Lerone Bennett, Jr.
National Visionary

Born October 17, 1928 in Clarksdale, Mississippi

Executive Editor Emeritus of Ebony Magazine

Lerone Bennett has spent over 50 years telling the untold history of African Americans.  As a journalist and author, he has used his talents to help combat racism and explore race relations and the history of the black experience in the United States. 

Bennett (right) in Paris during the
Korean War.
Born on October 17, 1928 in Clarksdale, Mississippi, Bennett grew up in Jackson, where   his passion for history and the written word first emerged.  He viewed these pursuits as a way to understand and overcome the violence and oppression of the segregated world in which he lived.  The world of journalism also attracted Bennett at an early age.  Growing up, he worked as a newsboy and gofer for journalists at two local black newspapers.  Inspired by the strong male role models in Jackson, he enrolled in Moorehouse College and in 1949 he earned a Bachelor's degree in journalism. 

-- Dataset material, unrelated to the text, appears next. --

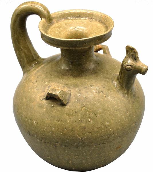 鸡头壶也称鸡首壶,在当时既是实用器,也有部分作为冥器来陪葬,无论用途怎样,鸡头壶是两晋时期越窑的典型代表器物。壶身顶部做一盘口,提手以自然紧握,提拿适度为标准,施以壶把。壶身上部捏塑两个桥拱型系,以鸡首为壶流,壶身圆润饱满,釉色清润如玉,釉色青亮,胎质细腻坚致为香灰色,器物各部件比例恰到好处,整体器型饱满雅致,优美至极。

Bennett stayed in Atlanta and later that year began working as a journalist for the Atlanta Daily World.  In 1953 he became an associate editor at Jet magazine.  A year later Ebony magazine, the oldest and largest African American owned publication, hired Bennett as an associate editor.  He was promoted to senior editor in 1958, and eventually, executive editor. 

Bennett has also become a well-respected book author, having published ten historical books in his career.  His first work, Before the Mayflower: A History of the Negro in America developed from of a series of articles originally written for Ebony magazine.  This classic has become one of the best selling books of African American history.  In 2000, he caused a stir with Forced into Glory: Abraham Lincoln's White Dream, in which he presents evidence that Lincoln was a white supremacist, who was forced to sign the emancipation proclamation. 

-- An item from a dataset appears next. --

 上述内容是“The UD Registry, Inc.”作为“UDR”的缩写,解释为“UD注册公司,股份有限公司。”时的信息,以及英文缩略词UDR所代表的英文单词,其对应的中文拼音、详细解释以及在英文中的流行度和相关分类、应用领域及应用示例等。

Bennett has won numerous awards for his work, including Literature Award of the Academy of Arts and Letters, the Book of the Year Award from Capital Press Club, the Patron Saints Award from the Society of Midland Authors, and the Lifetime Achievement Award from the National Association of Black Journalists. 

Bennett originally planned to leave the world of magazine journalism when he turned 75 in the fall of 2004, but the was persuaded not to retire from his position at Ebony.  However, he still has plans to author five more books before he turns 80 years old. 

Bennett and his wife Gloria have four children.  His daughter, Joy Bennet Kinnon, is a senior editor at Ebony.